Of the last two batches we’ve received, one was much better described as “straw,” and the other was primarily a hair-like grass blade of little substance. Each time, we believe it will be just fine, but the horses soon demonstrate whether they think it’s good hay or not.
Friday’s batch showed up in a hay wagon, not strapped to a flatbed trailer, and the farmer, Josh, radiated a feel-good energy that both Cyndie and I perceived. These were promising first impressions.
Johanne told us this was organic hay because the field where it was grown is leased from a farmer who operates under completely “organic” principles. Works for us.
We tossed and restacked 150 bales from the hay wagon to the shed, and I didn’t notice a single bale that looked odd. One thing Cyndie and I have learned over the years is that our impression of hay being “good” doesn’t amount to a hill of beans if the horses don’t like it. That would prove to be the ultimate test.
Once the wagon was empty, we swept up a full wheelbarrow of loose scraps that had fallen from bales. Cyndie then included a mix of those scraps along with the old hay in the nets she topped off when we served up the horses’ evening feed buckets.
When I checked on the horses later, I found them all feeding on the hay bags even though they hadn’t finished the grain in their buckets.
They must have smelled it and couldn’t resist. They obviously liked it!
I’ve written before about how much incidental grass grows in the packed gravel driveway where hay scraps fall in front of the hay shed. I couldn’t get grass to grow there if I tried, but doing nothing resulted in more turf than gravel.

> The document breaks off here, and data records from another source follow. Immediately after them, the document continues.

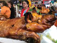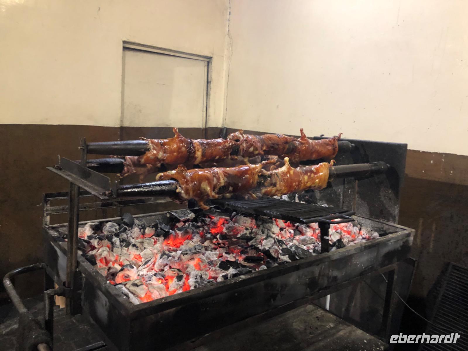 Am Abend hat Linda noch etwas Besonderes für uns geplant. Wir gehen Meerschweinchen essen. In Cuenca wird das als Spezialität angeboten. Eine Mahlzeit mit einem Schweinchen, Kartoffeln, Soße und Beilagen kostet lockere 24 Dollar. Zuerst dürfen wir einen Blick in die Küche werfen. Dort drehen sich die Spieße. Also, empfidlich sein darf man hier nicht. Nach dem Essen wil Linda noch mit uns ins eine Salsa-Bar gehen. Nur noch vier unternehmungslustige Gäste folgen ihr. Und das auch noch umsonst. Nach einem halbstündigen Marsch im strömenden Regen, müssen wir feststellen, dass Corona auch hier zugeschlagen hat. Die Bars sind geschlossen.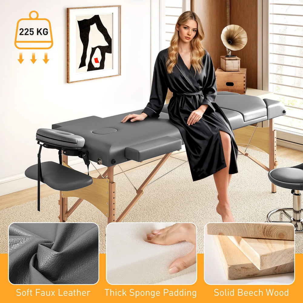 - Wooden base: A naturally strong and supportive lower to this massage table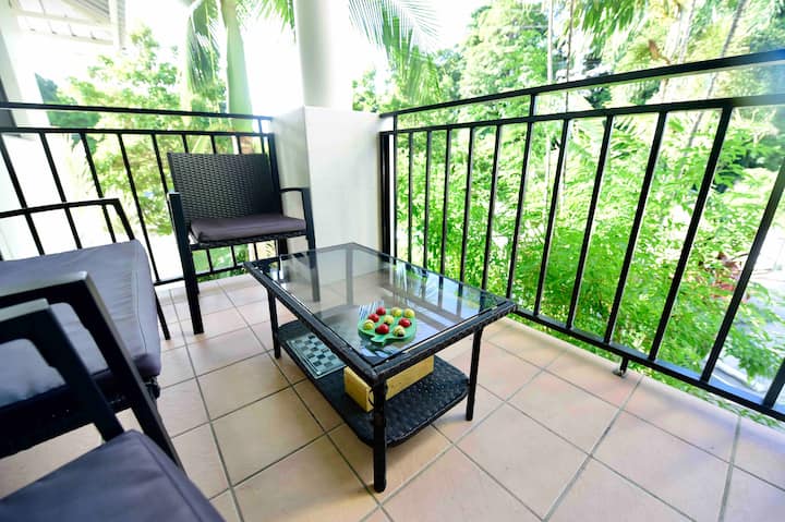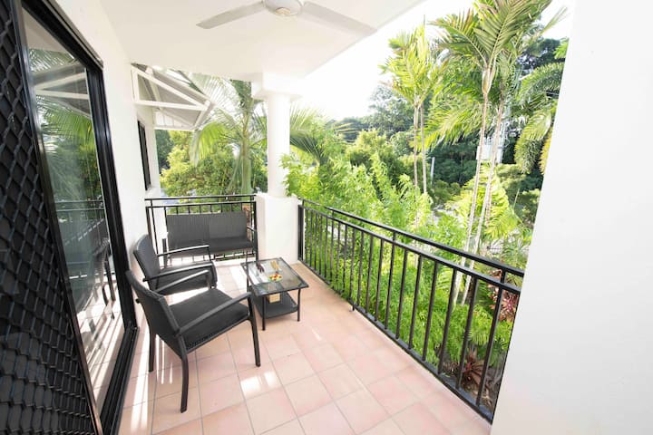 私密安全的2卧室公寓,最近翻修过,配备了新的卫生间、分体式空调、风扇、卧室地板、家具、床上用品、电器和厨房用具。房源设有设备齐全的厨房和洗衣房、地下停车场、遮阳泳池和大量书籍、游戏、拼图和乐高。享受对面的热带皇后花园,或在附近的城堡山徒步旅行。步行5分钟即可抵达Gregory St商店、咖啡馆、酒吧和Strand海滩,步行10分钟即可抵达市区,步行20分钟即可抵达体育场。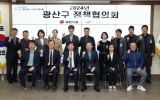 광산구 윤규진 기자2024. 11.12[한국저널뉴스]광주 광산구가 12일 구청 2층 상황실에서 국민의힘 광산갑·을 당원협의회와 ‘2024년 정책협의회’를 진행했다. 이번 정책협의회는 박병규 광산구청장과 광산구 간부 공무원, 국민의힘 광산갑·을 당협위원장, 주요 당직자 등 20여 명이 참석했다. 광산구는 △자전거 이용자 편의와 도로의 연결성을 위한 자전거 기반 구축 △급경사지(산월N1) 붕괴위험지역 정비사업 △도로 제설 전진기지 구축 △도심 속 호수공원 특화된 힐링 공간 조성 등 지역 현안 및 역점사업 10건을 논의하고 당 차원의 적극적인 협력을 요청했다. 박병규 …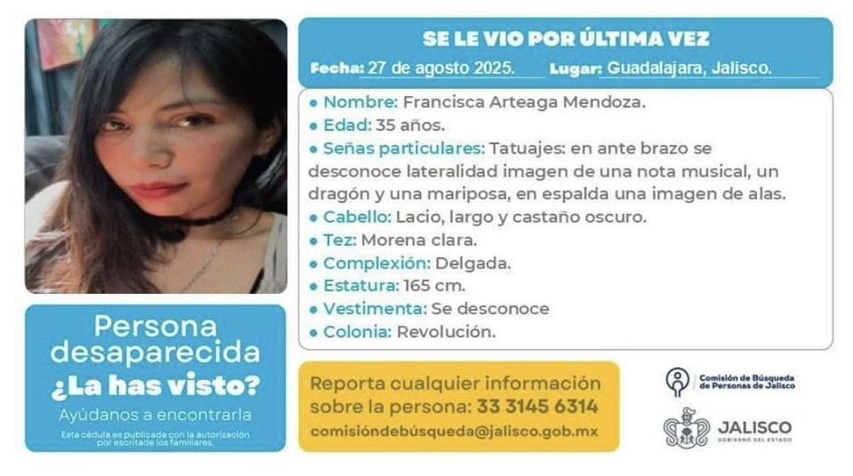 La joven de 35 años fue vista por última vez el pasado 27 de agosto en la colonia Revolución de Guadalajara. Esta es la tercera manifestación que se realiza para exigir su regreso.

That gave me an idea. In October, I added compost fill to the slope of our new lookout knoll to cover the barren, sandy edge of the slope and, ultimately, improve it to become a mowable grade.

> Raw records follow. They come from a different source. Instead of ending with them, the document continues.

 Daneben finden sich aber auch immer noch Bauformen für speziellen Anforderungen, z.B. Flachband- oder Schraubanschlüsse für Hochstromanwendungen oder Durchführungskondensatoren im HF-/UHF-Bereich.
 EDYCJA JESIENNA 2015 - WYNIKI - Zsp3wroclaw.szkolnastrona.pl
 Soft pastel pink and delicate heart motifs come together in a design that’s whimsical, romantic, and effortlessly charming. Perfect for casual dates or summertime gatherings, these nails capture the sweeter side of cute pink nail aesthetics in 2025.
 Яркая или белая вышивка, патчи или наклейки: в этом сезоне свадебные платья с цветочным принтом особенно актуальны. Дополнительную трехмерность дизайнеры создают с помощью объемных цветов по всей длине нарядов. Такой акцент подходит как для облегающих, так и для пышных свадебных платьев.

We were planning to plant grass seeds on the improved slope in the spring, but why wait? Cyndie raked up as much of the leftover hay scraps as possible from the ground where the hay wagon had parked. Logically, much of the grass seed probably stayed behind to thicken the grass already growing there, but any fraction remaining is now moved to the lookout knoll.
We’ll still probably toss more seeds on the slope in the spring, but it feels like we are helping nature to work with us a little bit by covering the surface with hay scraps.
Especially since the horses are showing us that it’s good quality hay.